We must transform our frames of reference into flames of reverence. When our
sciences realize themselves as true forms of bhakti yoga, devoted to the Real
of Brahman appearing as Nature, Cosmic Nature evolving itself into ever new
forms, Natura Naturans as Spinoza put
it, and that we ourselves are participants in the unconcealing of the miracle
of Being, then the objects of science will reveal deeper aspects of their
transfinite essence, no longer anchored to the merely experiential or
phenomenalistic level of their Being, but emerging undefinably, rhizomatically,
through planes of immanence that cannot be limited by any logic or discourse of
a priori validity.
There is far more at stake in the alien phenomenon than most people are ready
to recognize. The advent of the alien has the potential to blow apart our
cultural world, and possibly even our physical planet -- or to help us restore our
human world to a higher level of health, from the physical health of our biosphere
to the spiritual health of our noosphere and its mediators. Because to the
aliens we are the aliens, there is an inevitable inmixing of projective
identifications between us, which is most often expressed delusionally, but in
delusions that contain far more truth than do the conservative skeptical
denials of conventional scientism. The aliens constitute for us a new Other;
whether they bother to exist as factual entities is irrelevant.
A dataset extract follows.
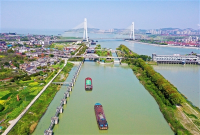 图为4月7日,货船依次通过巢湖船闸。

Now, regardless of our views on the subject, the alien Other is making an
unprecedented demand upon us. We must reckon both with the jouissance of the
alien and the lack expressed by this new Other. We must traverse the fantasies
that have transmitted our own lack to the aliens, and which have thus
moulded the contours of our relations. It is not enough to diagnose hysteric
psychosis as the context of an alien abduction, although that may represent one
dimension of the alien abduction scenario. But since the stakes transcend mere
seduction and castration, which limit the ordinary hysterical event horizon,
and throw the dice of a wager called hybridization, then even if it is a
hysterical hybridization, it signifies an unprecedented transformation of
consciousness is already underway. And for those on the path of conscious
Self-realization, the stakes of the alien arrival are even higher. So let us
explore the seven stakes of the alien. The seven stakes, which are the frames
of reverence in which the alien reveals not only its nature, but our own
nature, are as follows:
1. the alien as object of science
2. as object of psychoanalysis
3. as object of religion
4. as object of sociology, politics, and aesthetics
5. as object of philosophy
6. as non-object of intersubjectivity
7. as avatar of the Supreme Real
The first stake concerns the alien as an object of science. This is the
nuts-and-bolts level of ufology. The problem in studying the alien on this
level is the issue of secrecy. Governments have classified most of the
information potentially available. Moreover, there has been a disinformation
campaign as well. But credible researchers have established at least a baseline
of commonly accepted information. A newcomer to the field would do well to read
the works of such mainline ufologists as Donald Keyhoe, Linda Moulton Howe,
Stanton Friedman, and Richard Dolan. One will come away with a sense of the
overwhelming amount of evidence that exists to support the fact of the presence
of alien spacecraft in our skies and under our oceans, and perhaps in
underground bases, as well as on bases on the moon and on Mars. There is very
persuasive photographic evidence from Nasa cameras and Soviet space probes as
well to support the empirical reality of the UFO phenomenon. But the actual
relationships that human governments maintain with extra-planetary powers
remains a mystery. Many theories abound, but unless one has a very high secrecy
clearance from the U.S. Government, there is little hope of advancing beyond
speculation-unless one has friends among the aliens, of course.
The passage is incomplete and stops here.